Re posted on this thread to make the point kk

The diff failed on John's high powered GTR, However how much of that "power" was transmitted threw the rear diff at the time it let go?

Looking at the logs, he had zero waste gate duty in first gear (reducing power) he launched at 4500rpm (many have done so) his sixty foot time was only 1.6 at best, suggesting the car never really hooked up using and was not using any where near his potential engines power. The inertia wouldn't of been much greater than 1000s of full weight GTRs in the past, John you must try harder Lol 

So why did it shred the splines,inside the diff, and the drive shafts splines were untouched? If he was catapulting off at warp speed say 1.5sec or below,maybe that may have been justification?

The slow 60ft points to a fault with that diff, I cant understand why OS Giken wouldn't want to work on this and improve there product John and others could test, isn't this an opportunity to move the game forward for all parties concerned

As it stands any R35 trying to better johns launch technique stands a high chance the same will happen.



The diff was purchased in good faith,to hopefully improve from OEM,nothing ventured nothing gained, unfortunately it turned out to be wasted time and money



kk


----------



## Thrust (Jun 8, 2004)

Which OS diff was it?


----------



## johnhanton57 (May 2, 2009)

Thrust said:


> Which OS diff was it?


It's the one made from BUTTER


----------



## PS30-SB (Jun 13, 2003)

johnhanton57 said:


> Great news the Japs ran away and deserted their product


And this is from an "Executive Member" of the GTROC ....?

You're a total embarrassment.


----------



## Adam Kindness (Jun 22, 2002)

Thrust - X Spec i think


----------



## Thrust (Jun 8, 2004)

Thanks Adam. Just in case none of this has reached OS Giken's ears, I am getting mentally prepared to go and talk to their boss here. 

I don't want to think that this has been spread all over the internet before they have even heard about it. 

And I also don't want to get involved until we know how far up the chain what exactly has been said and to whom. If necessary I can then move.


----------



## enshiu (Aug 20, 2010)

PS30-SB said:


> And this is from an "Executive Member" of the GTROC ....?
> 
> You're a total embarrassment.


Sorry for the failure John and that you didn't got your money back. 

I can't believe a Jap. company does this to you. 

After all these years all the Jap. aftermarket tuners I have known were not like this. 

Or are they behind the scenes researching why it breaks like always??

If you need me with writing an email or letter to OS Giken I can do it right away.

Yes I haven't read it thoroughly before but, why are they denying the warranty claim?

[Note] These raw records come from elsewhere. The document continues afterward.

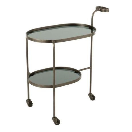 Informations Techniques : Dimensions : L. 74 x l. 42 x H. 84 cm Matières : 70% Métal & 30% Verre Spécificités : Élégante & Vintage Desserte 2 niveaux Avec roulettes Forme ovale Poids max supporté : 15 kg Poids : 12,2 kg Couleur : Gris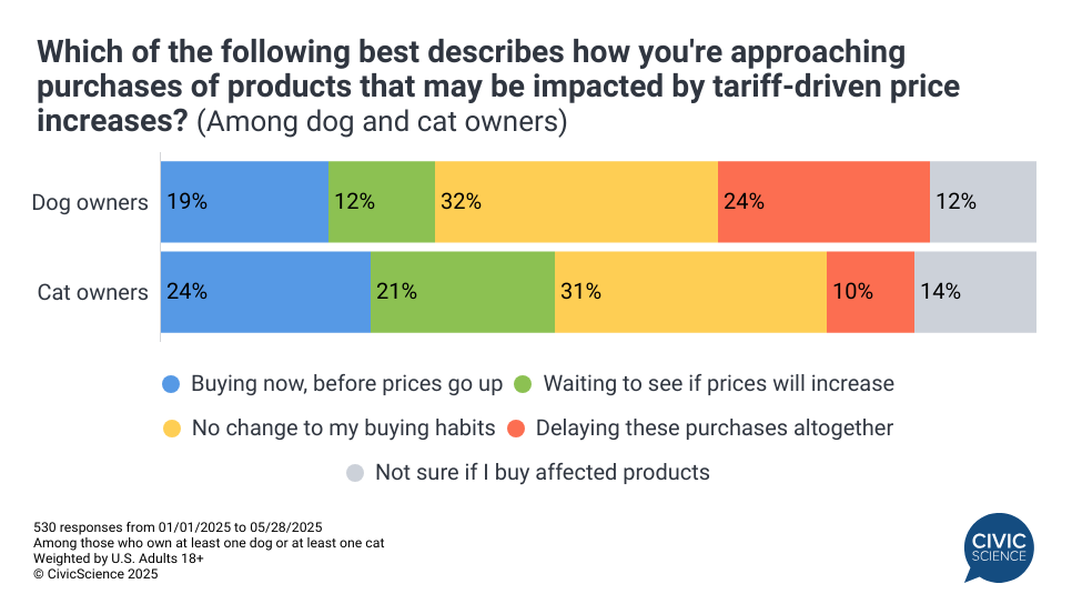 In terms of broader spending overall, just 34% of pet owners say there is ‘no change to their buying habits’ in light of the potential impact of tariffs. Among cat and dog owners, cat owners are more likely to buy now before prices go up or wait to see if prices increase. Meanwhile, dog owners are delaying their purchases altogether.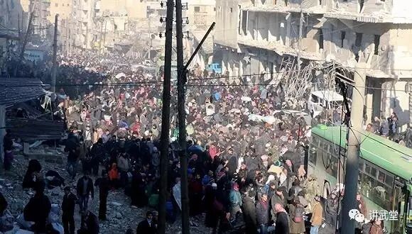 准备登车的阿勒颇武装分子,可见大多是青壮年男性,正是百战余生的主力军,撤离阿勒颇后可以换个地方继续作战。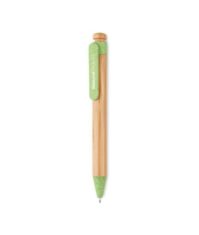 Affichage rapide Liste de souhaits Stylo bille BIO paille blé et bambou Référence 71028 Prix A partir de 0,47 € Stylo bille avec poussoir et corps en bambou, attributs biosourcés à base de paille de blé. Encre bleue.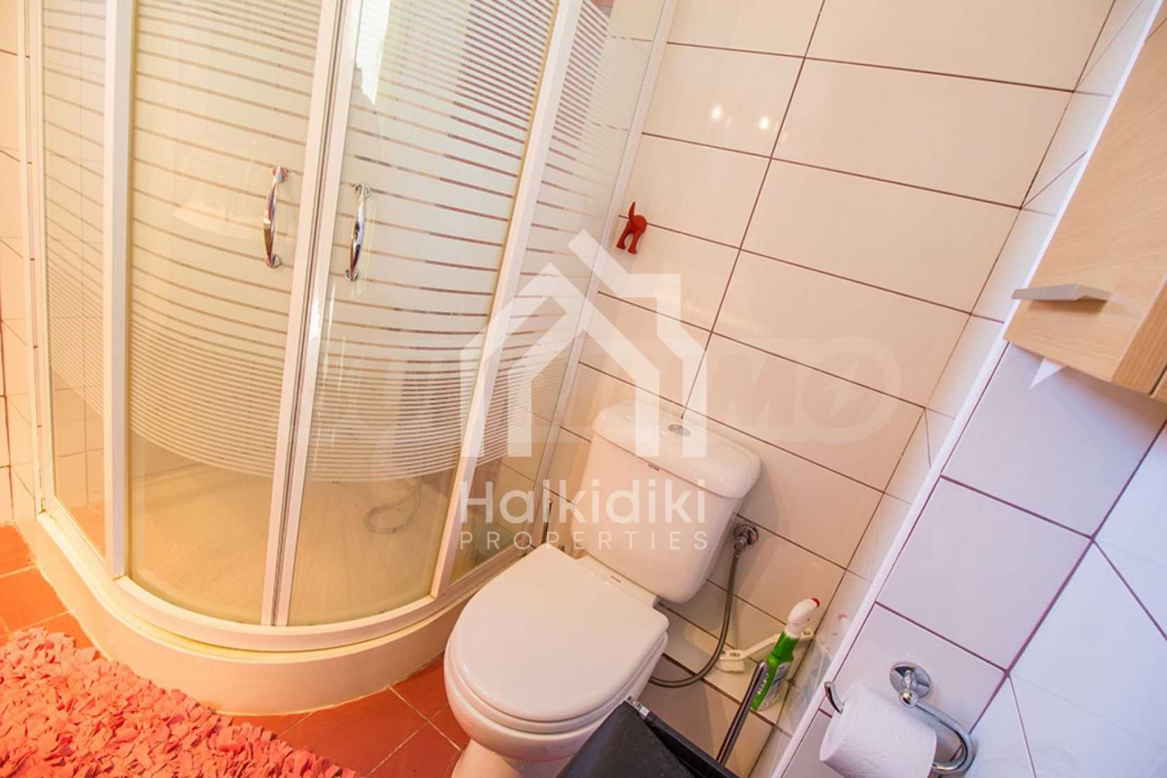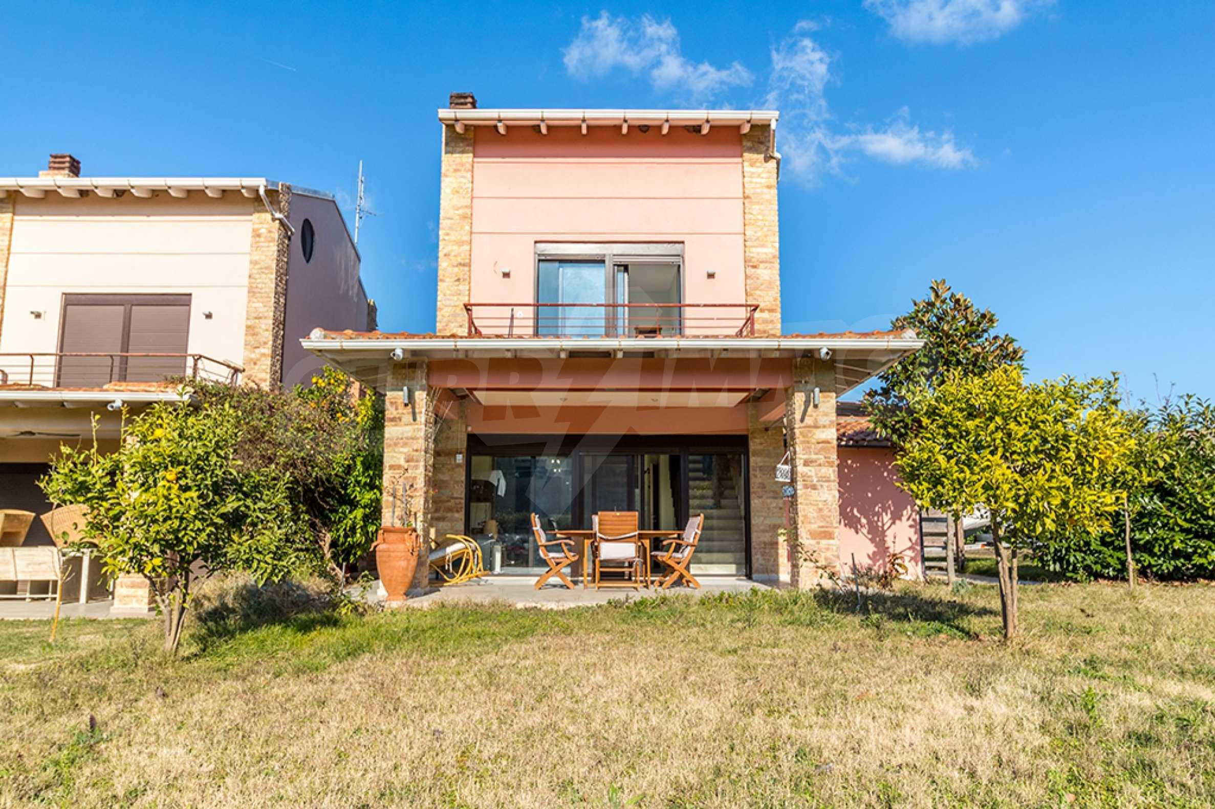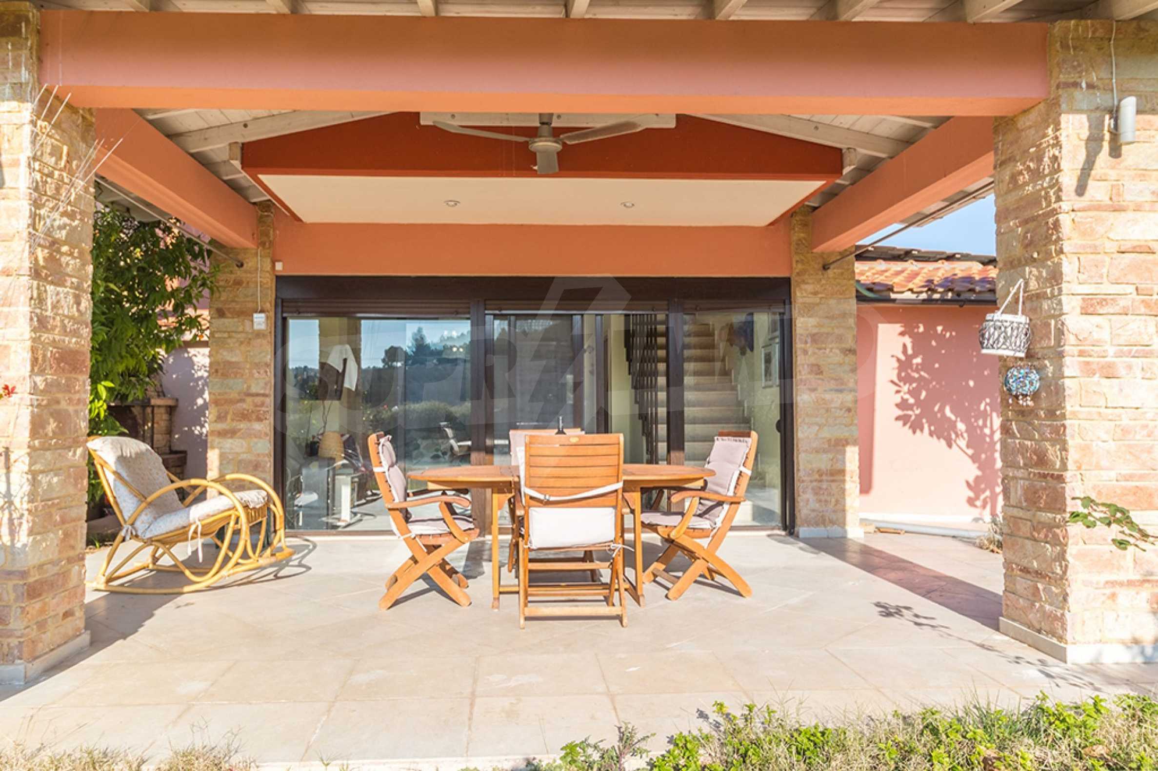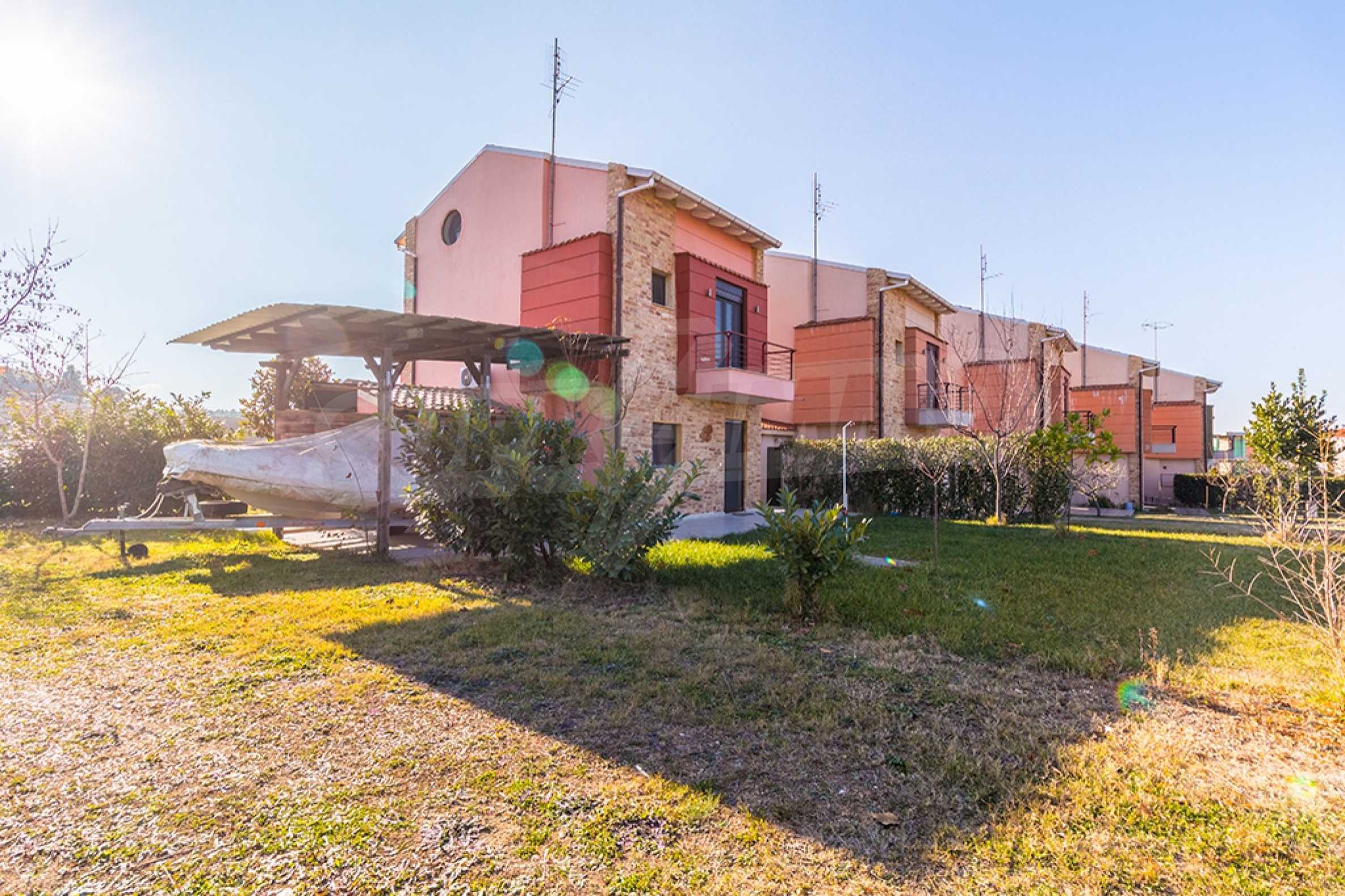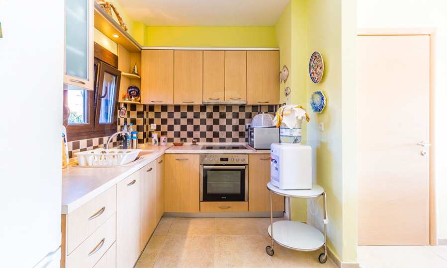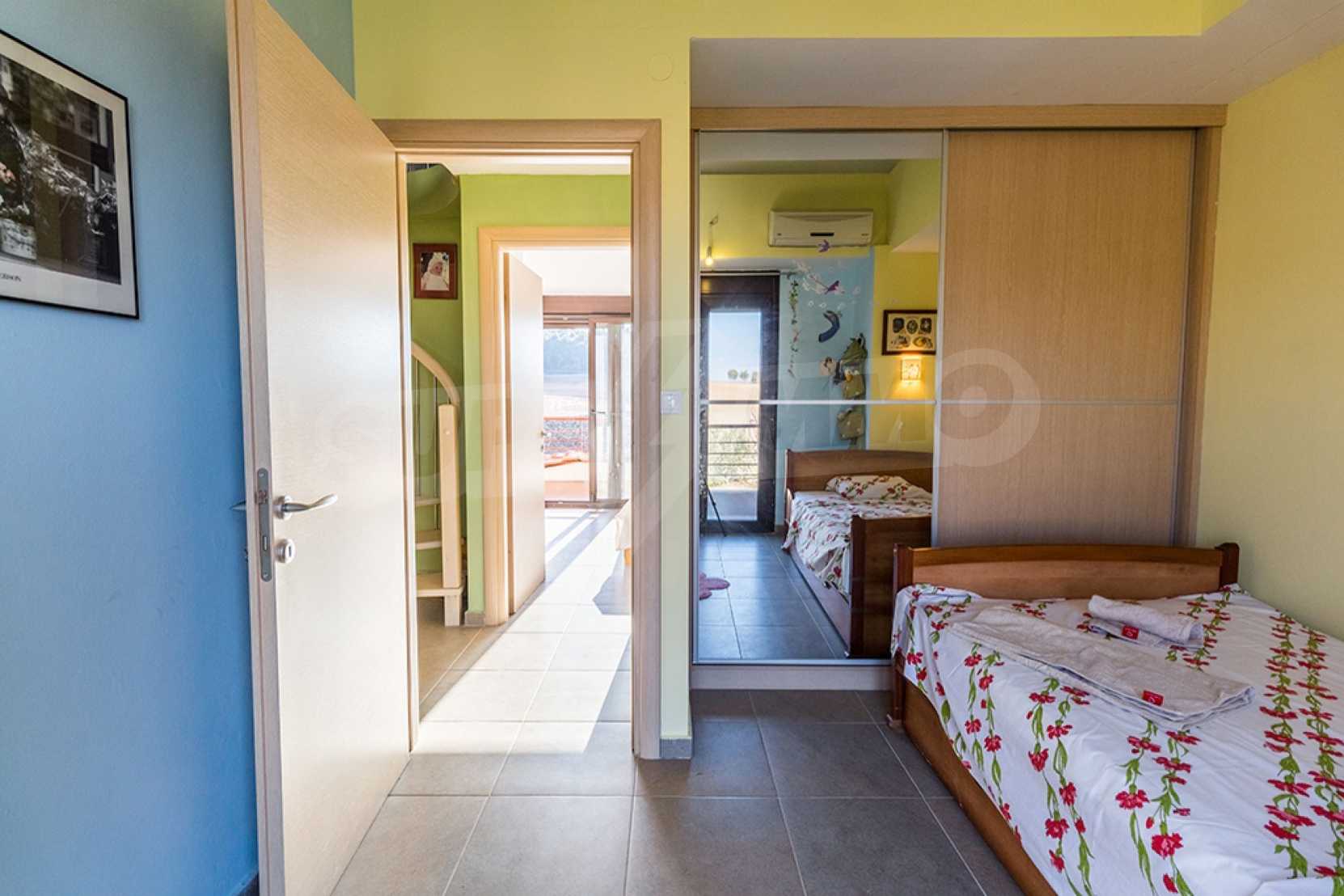 Newly built, three storey maisonette in Kassandra, Halkidki, 115 m2, with a large garden, swimming pool, gardener and parking spots. It has three bedrooms, a bathroom, a toilet, fireplace and a warehouse.

Apologise for the reactions before as I was working and reading together:bowdown1:.


----------



## CT17 (Mar 25, 2011)

Sorry to say this, but many of the posts and responses by the person who had the diff fitted are rather childish.

OK, you spend a fortune on the car with huge levels of power.
OK, SVM fitted a part with no actual warranty or specified acceptable power output for you that failed.
OK, you seem to be upset about it.

Now do you really need to spam the forum with posts and threads about it that make you look like a spoiled child?

Yes, I would also be upset too. But I wouldn't be on here making myself look like a tit.
You are a grown man FFS.


----------



## johnhanton57 (May 2, 2009)

enshiu said:


> Sorry for the failure John and that you didn't got your money back.
> 
> I can't believe a Jap. company does this to you.
> 
> ...



No worries mate I'll get over it.

KK pretty much summed up what happened in his post.



Re posted on this thread to make the point kk

The diff failed on John's high powered GTR, However how much of that "power" was transmitted threw the rear diff at the time it let go?

Looking at the logs, he had zero waste gate duty in first gear (reducing power) he launched at 4500rpm (many have done so) his sixty foot time was only 1.6 at best, suggesting the car never really hooked up using and was not using any where near his potential engines power. The inertia wouldn't of been much greater than 1000s of full weight GTRs in the past, John you must try harder Lol 

So why did it shred the splines,inside the diff, and the drive shafts splines were untouched? If he was catapulting off at warp speed say 1.5sec or below,maybe that may have been justification?

The slow 60ft points to a fault with that diff, I cant understand why OS Giken wouldn't want to work on this and improve there product John and others could test, isn't this an opportunity to move the game forward for all parties concerned

As it stands any R35 trying to better johns launch technique stands a high chance the same will happen.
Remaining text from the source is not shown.